The Changs read an advertisement from First Colonial Bank regarding saving certificates. The advertisement stated that a depositor could deposit a certain amount, receive a gift, and receive a certain amount at the certificate’s maturity in three and one half years. The Changs made a deposit of $14,000 as the advertisement specified, and they received the promised gift. After maturity, however, the bank gave them only $18,823, rather than the $20,136 promised in the advertisement. First Colonial explained that the advertisement contained a typographical error, so that a $15,000 investment was required to receive the greater sum. The Changs filed suit to recover the difference, claiming that the parties had a binding contract. Explain whether the Changs should prevail on this claim.

Definition

In this case, Chang v. First Colonial Savings Bank, 410 S.E.2d 928 (1991), the court ruled for the Changs. Although an advertisement ordinarily does not constitute an offer that can be accepted for a binding contract, in this instance the advertisement was clear, definite, and explicit.
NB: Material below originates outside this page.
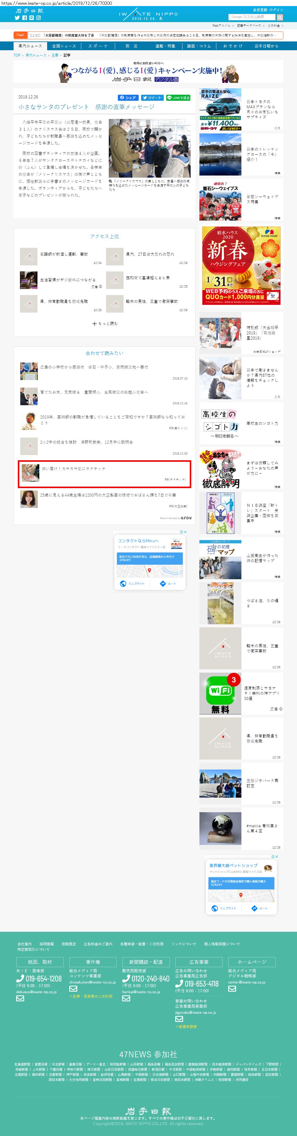 Webメディア 広告枠に赤枠付き

The court also emphasized that the bank had not informed the Changs about the typographical error until after it had used their money for more than three years. In these circumstances, the court would hold the bank to fulfill the terms of the advertisement.

Term

Marino Consultants sent Delpaq Computer Corporation a purchase order for 100 computers at the advertised price, and this order made no mention of warranties. Delpaq responded with a confirmation that accepted the order and contained detailed terms, including one that stated that the company made “no warranties of any kind.” Marino representatives did not closely read the corporation and did nothing further. Soon after the purchase, twenty of the computers suffered major hard drive failures. Marino sought to recover damages, but Delpaq sought to rely on the absence of warranties. Did the parties have a contract, and if so, what are its terms?

Definition

Although Delpaq’s confirmation contained additional terms, this fact does not make it a counteroffer. Assuming that the parties intended to make a deal, there is a contract. The additional terms, including the disclaimer of warranties, presumptively become part of the contract, since Marino did not promptly object. However, such additional terms do not become part of the contract if they make a material alteration in the offer. Elimination of all warranties is so substantial that it would probably be held to be such an alteration, so the disclaimer would not become part of the contract. Thus, the contract contains no warranty term, but Marino may rely on the implied warranties contained in the Uniform Commercial Code.